» EXERCISE GOAL:
In the records below, find the lines that include "Poona" and copy each.

-- RECORDS TO USE follows --

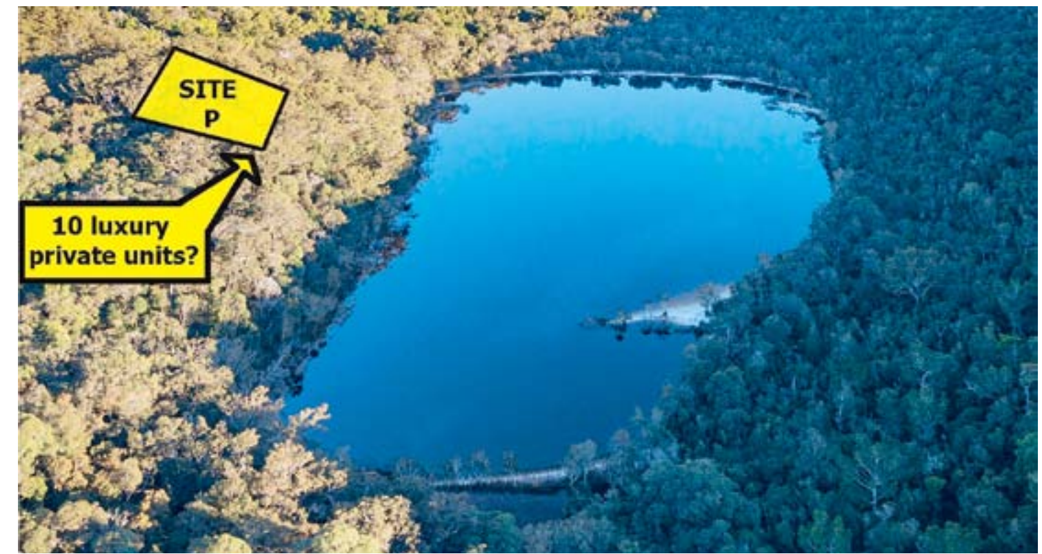
Aerial view of Poona Lake, with adjacent development sites marked.

"Poona Lake is set in a valley rather like a volcanic crater with steep sides covered with Great Sandy's amazing forests. It is accessible
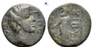
1212 Phrygia. Kibyra. Augustus 27 BC-AD 14. Bronze Æ 16 mm, 3,62 g nearly very fine 10
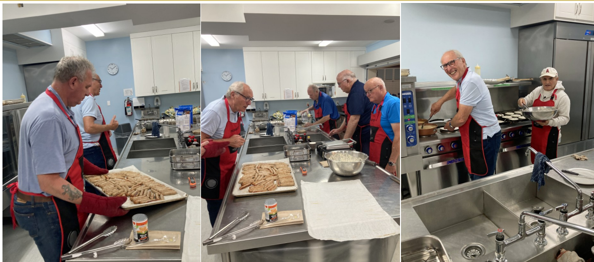
Council 9990 Pancake Breakfast: Served by Our council's Heroes

A friend emails you and asks for help buying a gift card for a family member or dear friend and can't access the site to make the purchase and asks if you can do it for him. Asks you to email this friend or relative and they will reimburse you.

-- RECORDS TO USE concluded --

» COMPLETED TASK:
Aerial view of Poona Lake, with adjacent development sites marked.
"Poona Lake is set in a valley rather like a volcanic crater with steep sides covered with Great Sandy's amazing forests. It is accessible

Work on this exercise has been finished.